1 minute read

DR MARK ELLIOT-RANKEN

Since I was nine, I’ve known that an artist’s way would be mine after feeling that spine tingling emotion of creating a ‘work of art’. I remember it today (at sixty-eight) that tingling is with me still whenever I create that something out of seemingly nothing.

The completion of my PhD at Newcastle University in 2010 merely emphasised this tingling. I wrote of nomad artists and what being on the move does to the artist as they ‘become other’ on the way.

Since then, I have continued to work exploring painting in as many manifestations as I can. The very language of creativity deeply fascinates me. It’s not about merely communication but exploration of our inner terrain of ‘knowing thyself’ as is chiselled into the lintel on the Temple of Apollo at Delphi. It is a never-ending quest.

However, the relationship between Artist and society has always been a difficult one, why? Perhaps because artists by what they do, a magic the earliest, deepest magic unlike any other shakes just quietly the foundations of a comfortable certainty that society coverts. This is I believe an inherent quality of artists committed to their art because art itself is not quantifiable, explores the not known and bites.
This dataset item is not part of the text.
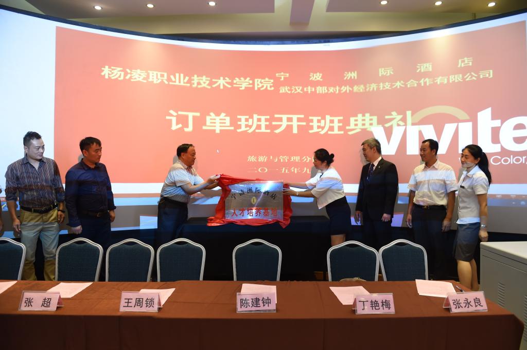 开班仪式上,王周锁与两家企业的负责人共同为“宁波洲际酒店人才培养基地”及“武汉中部对外经济技术合作有限公司人才培养基地” 揭牌。旅游与管理分院负责人汇报了两个订单班的组建情况。

Art must bite if it to say something meaningful, indeed art and the artist ask, “what do you understand as ‘meaning’?” Do you simply except the multiple a priori that encrust like coral reefs societies’ assertions of what is normal and acceptable to that society. For an artist this is our stock in trade! We go where the rest will not and question that which must be questioned if cultures are to renew themselves along with the societies that so need these questions asked.

I would not be anything else, nothing sends that tingle up my spine like Art. Yet Artists do occupy a problematic, troublesome space, an ‘other’ of long standing within our society especially in capitalist, utilitarian-materialist societies such as Australia and I would suggest always will.